When pcpu xdst exists, it has to be validated first before it can be
used.
A negative hit thus increases cost vs. no-cache.
As number of tunnels increases, hit rate decreases so this pcpu caching
isn't a viable strategy.
Furthermore, the xdst cache also needs to run with BH off, so when
removing this the bh disable/enable pairs can be removed too.

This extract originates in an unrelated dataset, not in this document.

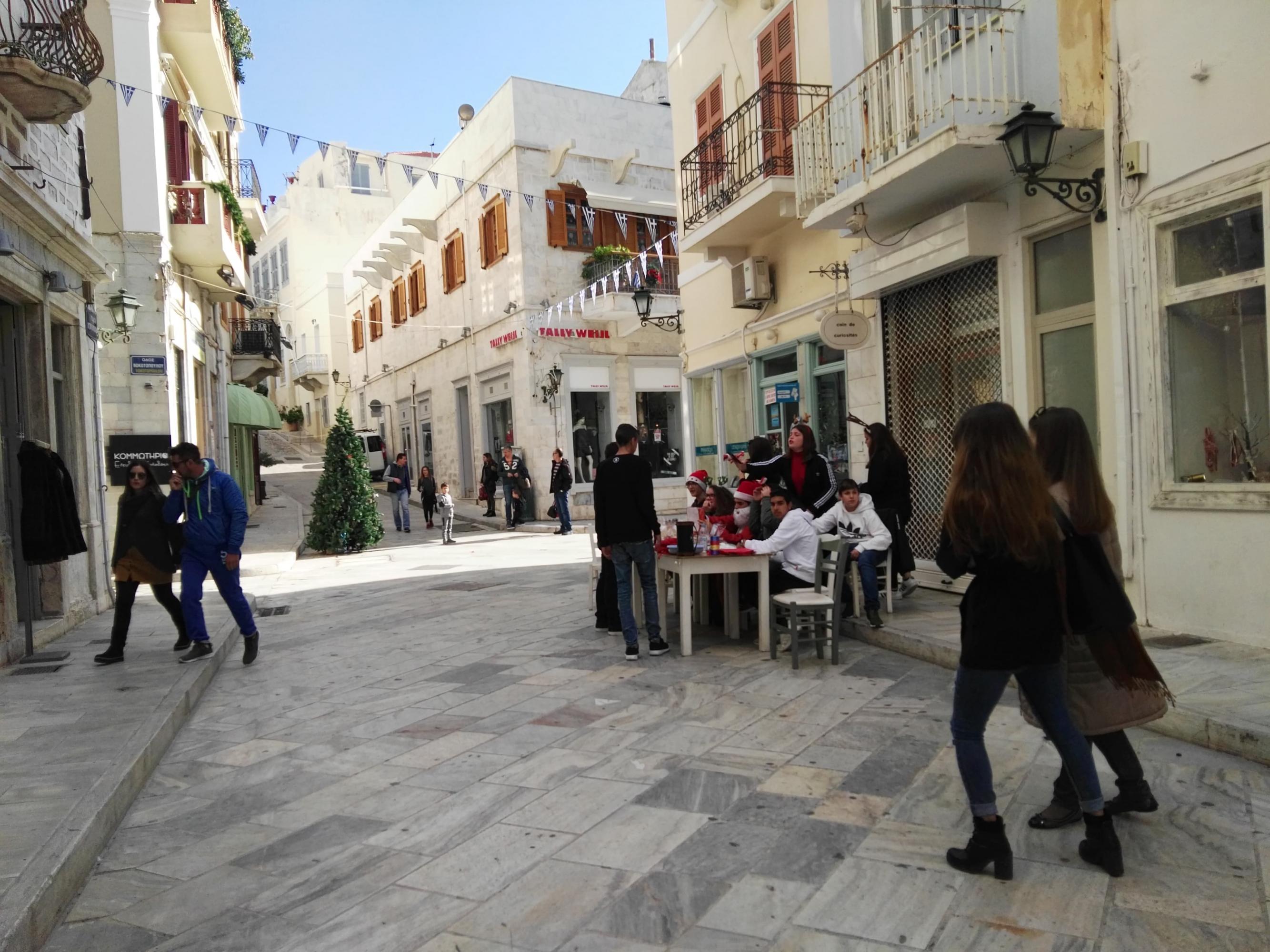 Με τα γιορτινά χαμόγελά τους στολίζουν το κέντρο της Ερμούπολης οι μαθητές των Σχολείων, οι οποίοι έστησαν και φέτος τους χριστουγεννιάτικους πάγκους τους, προσφέροντας όμορφα δωράκια και νόστιμα γλυκίσματα στους πολίτες του νησιού.

Kristian tested a 4.14.y backport of this change and reported
increased performance:
In our tests, the throughput reduction has been reduced from around -20%
to -5%. We also see that the overall throughput is independent of the
number of tunnels, while before the throughput was reduced as the number
of tunnels increased.
Reported-by: Kristian Evensen <kristian.evensen@gmail.com>
Signed-off-by: Florian Westphal <fw@strlen.de>
Signed-off-by: Steffen Klassert <steffen.klassert@secunet.com>
---
include/net/xfrm.h | 1 -
net/xfrm/xfrm_device.c | 10 ---
net/xfrm/xfrm_policy.c | 138 +----------------------------------------
net/xfrm/xfrm_state.c | 5 +-
4 files changed, 3 insertions(+), 151 deletions(-)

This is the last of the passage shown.